• _AVAILABLE DATA_:
┄┄┄┄┄┄

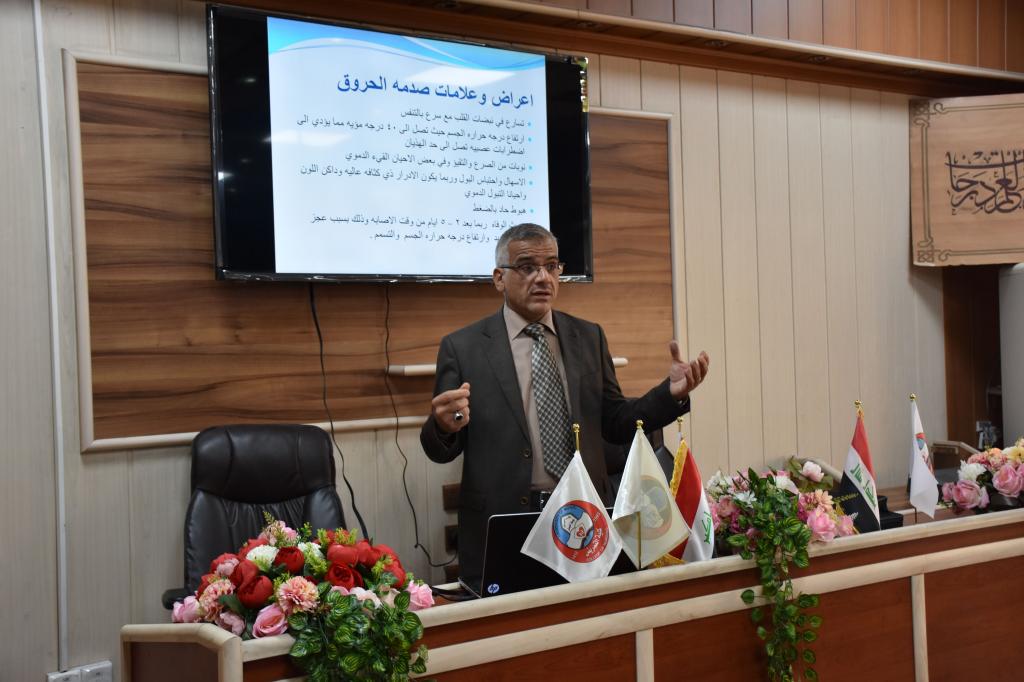 تعزيزاً لدور جامعة الموصل في خدمة المجتمع نظمت كلية التمريض وحدة التعليم المستمر دورة للإسعافات الاولية بالتعاون مع قسم العلوم التمريضية السريرية للمدة من 8-12 اذار 2020 لمنتسبي دائرة كهرباء نينوى شارك فيها (١٥) منتسباً ، حضر جانبا من اعمالها في بومها الرابع السيد مساعد رئيس الجامعة للشؤون العلمية الاستاذ الدكتور منير سالم طه وعميد الكلية وعدد من السادة التدريسيين.
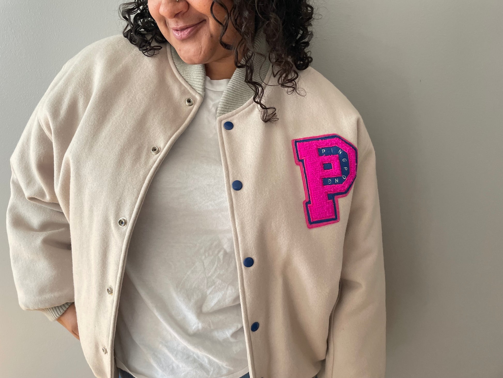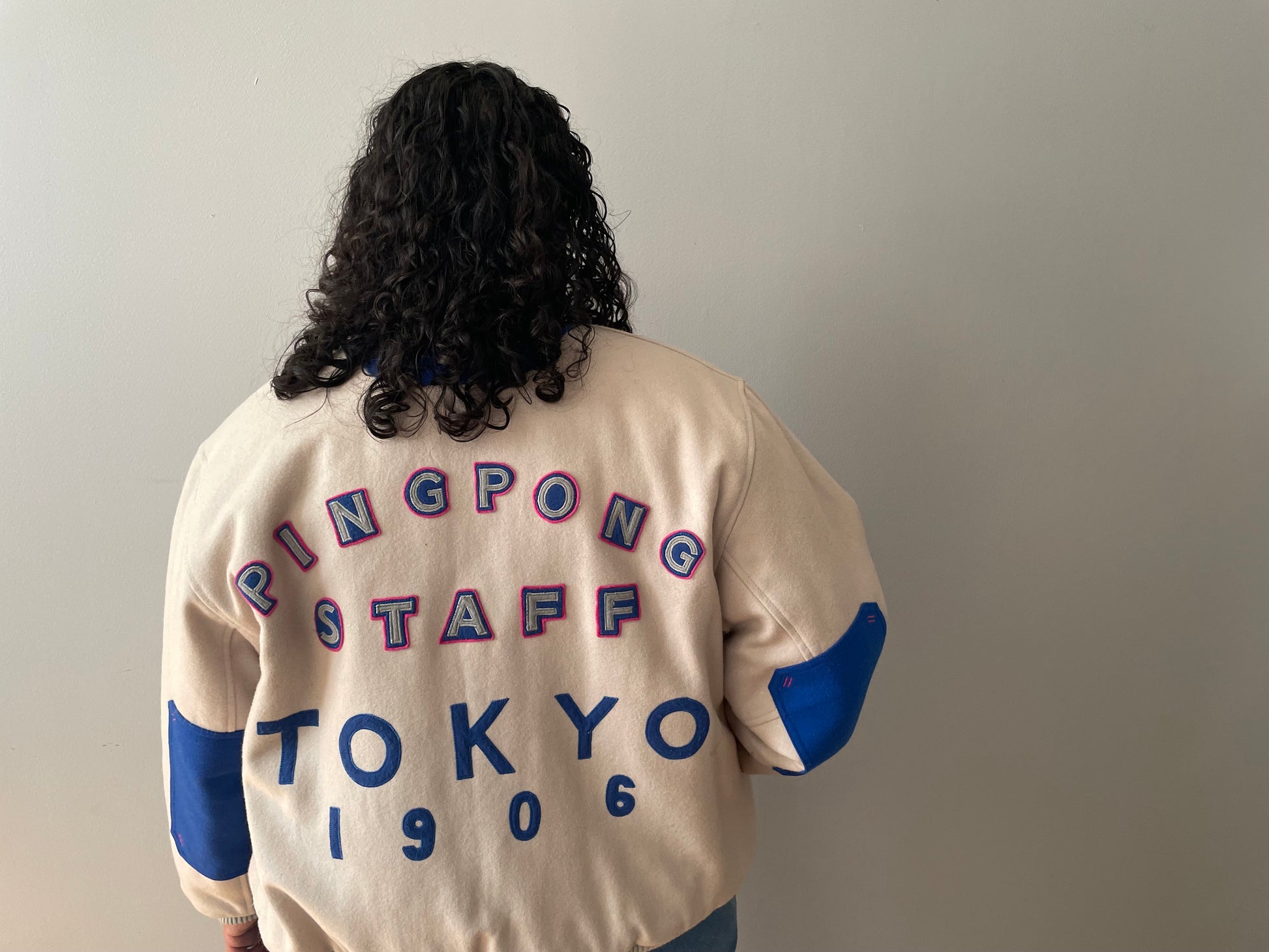 ITEM DESCRIPTION: Incredible vintage varsity style "ping pong" jacket
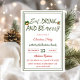 Invite your loved ones to your Christmas celebration with our Christmas party invitation. "Eat, Drink and Be Merry" is presented in festive typography with a Christmas bells and a sprig of aqua holly. Your party details are displayed in elegant font within a double frame. The back side features a white background decorated with hand-painted green dots.
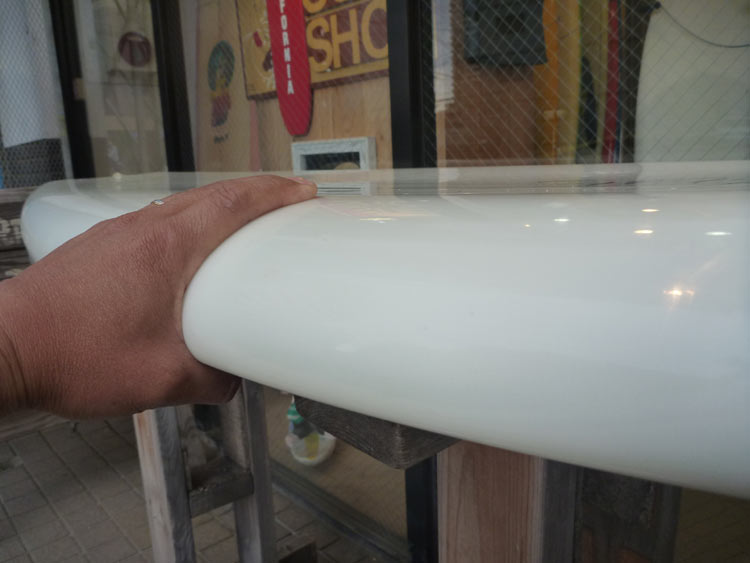 レールはボリューム感たっぷりのダウンレール。昔(70年代)はもっとぶ厚かったそうです。クラシックに見えるディテールですが、このレールが調子いいんです。カツさんはリアルタイムでこのダウンレールの時代にシェイプをして実際に乗っているので、何が良くて何がダメだったかよく知っておられます。
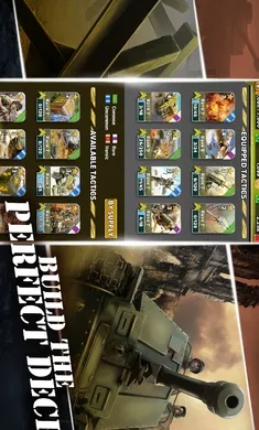 可收集、升级强大部队和战术卡,构建独特套牌,运用多样步兵与战术打造终极军事甲板。

┄┄┄┄┄┄

• _WHAT YOU NEED TO DO_: The copy should hold exactly the lines from the line containing "レールはボリューム感たっぷり" through the last line of the records, both included, and no pictures or other lines.

• _OUTPUT FOR THIS EXERCISE_:
 レールはボリューム感たっぷりのダウンレール。昔(70年代)はもっとぶ厚かったそうです。クラシックに見えるディテールですが、このレールが調子いいんです。カツさんはリアルタイムでこのダウンレールの時代にシェイプをして実際に乗っているので、何が良くて何がダメだったかよく知っておられます。
 可收集、升级强大部队和战术卡,构建独特套牌,运用多样步兵与战术打造终极军事甲板。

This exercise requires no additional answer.